Take a pinch of Vancouver’s gaming talent, add a dash of Seattle’s hardware expertise, toss in stronger economic ties between the cities and the Cascadia region may have a sure-fire win in mixed reality technology.

“This is a technology that will sweep across many different industries, from architecture, to industrial design, to healthcare,” Microsoft (Nasdaq: MSFT) president Brad Smith told a Seattle audience at the second-annual Cascadia Innovation Corridor Conference on September 12.

The two-day conference got its start last year in Vancouver with the aim of strengthening the economic ties between the two cities’ tech sectors.

Similar to augmented reality (AR) and virtual reality (VR), mixed reality uses headsets like Microsoft’s HoloLens to project digital images into one’s field of view as if it were appearing before them in real life.

For example, when a user dons the HoloLens, a jet engine in the design stages appears as a giant, three-dimensional hologram in front of someone’s face that could help engineers work out kinks in the mechanics before it goes into production.

“AR/VR is the slap-your-forehead area for growth in the two regions,” John Wenstrup, managing director at the Boston Consulting Group’s Seattle office, told Business In Vancouver following his speech at the conference.

“It is alternatively the chocolate and peanut butter. Vancouver has the chocolate in the form of games developers, digital media companies who are going to be the leading edge of the applications and also the capabilities associated with AR/VR.”

In 2016, Microsoft selected Port Coquitlam-based Finger Food Studios as one of eight global agencies for a special program focused on developing holographic apps for the HoloLens. Finger Foods was given access to Microsoft hardware and other resources to further develop the uses for the HoloLens.

Later in the year, Finger Food Studios unveiled a $1-million, 26,000-square-foot facility known as the HoloDeck, where it’s now developing these apps.

Seattle, meanwhile, possess the “peanut butter” Wenstrup spoke of in the form of being the home base for the HoloLens device.

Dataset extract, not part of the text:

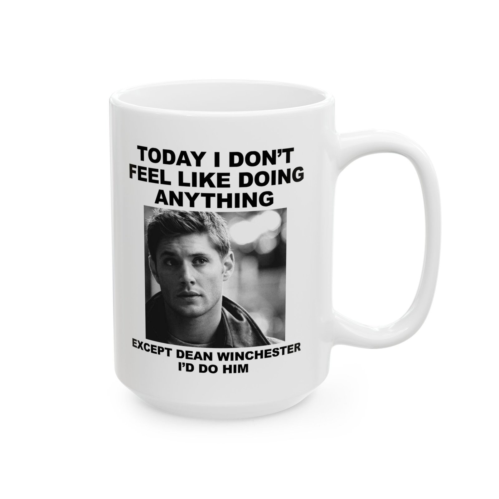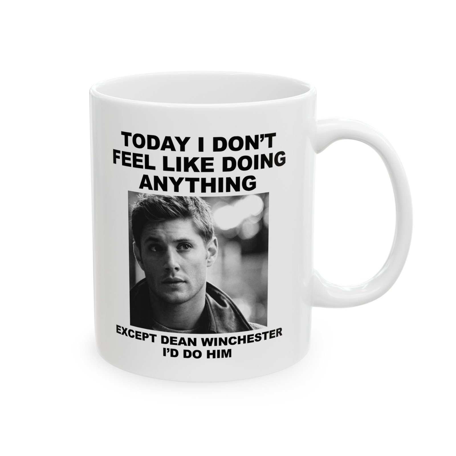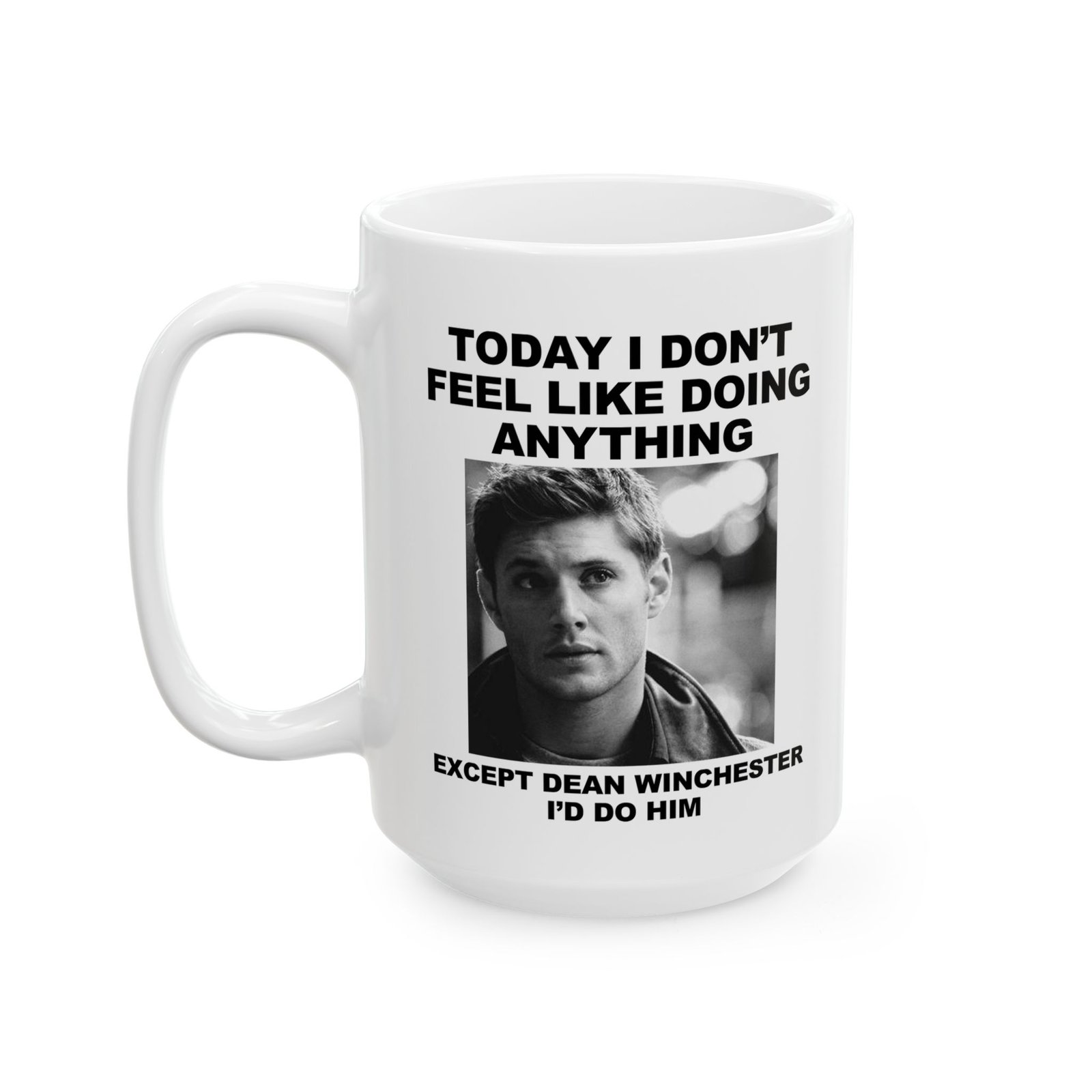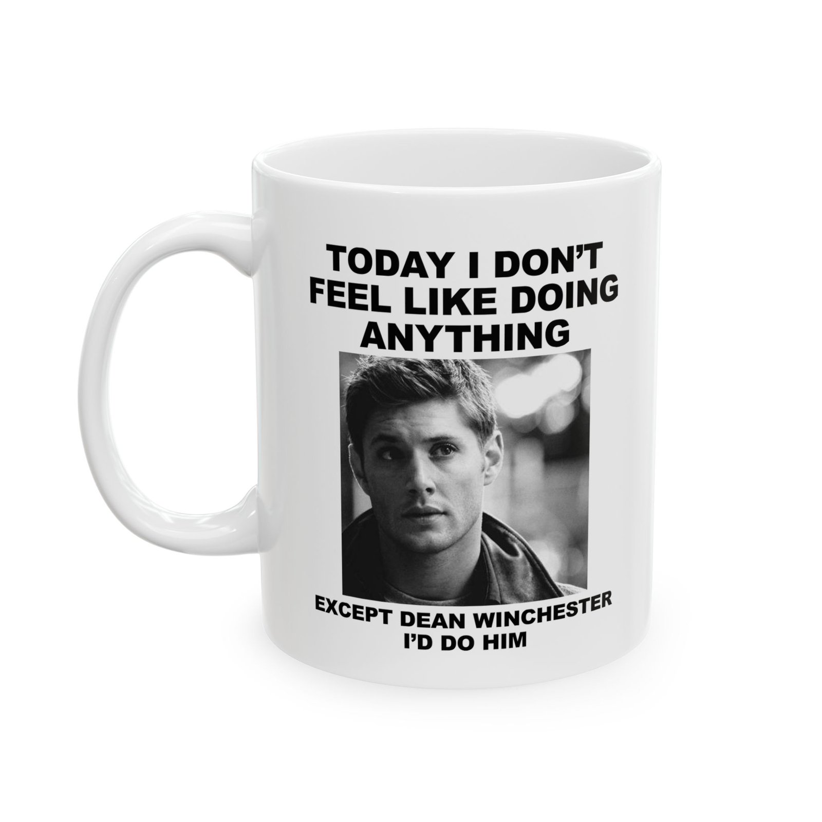 Start your day with laughter using this “Today I Don’t Feel Like Doing Anything Except Dean Winchester I’d Do Him” mug. Perfect gift for Supernatural fans, Dean Winchester lovers, and anyone obsessed with Jensen Ackles. Funny novelty coffee cup for binge-watching Supernatural, fandom meetups, or everyday use. Great birthday, holiday, or gag gift for TV show fans who can’t get enough of Dean. Durable ceramic, dishwasher safe, and microwave safe. A must-have fandom mug for collectors, pop culture enthusiasts, and coffee lovers.
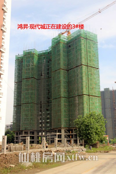 鸿昇·现代城正在建设的3#楼,3#楼共33层,目前已经建至约20层。小区内规划的会所框架已经完工,封顶完成。

“And that chocolate and peanut butter coming together to make a delicious candy bar is so obvious. But it’s not happening at the scale and speed required. And the worry is Silicon Valley will basically eclipse us.”

The market for augmented reality is estimated to reach revenues of US$80 billion by 2025, according to a 2016 report from New York-based Goldman Sachs investment bank.

“This is a market that is set to explode,” Smith said.

Meanwhile, Vancouver-based BuildDirect CEO Jeff Booth told the audience during his speech that the advent of mixed reality is akin to that of the mobile phone.

“If you think about the mobile phone, it changed our lives and all the different technologies and companies that sit on top of the mobile phone,” he said.

“This can have that type of game-changing power.”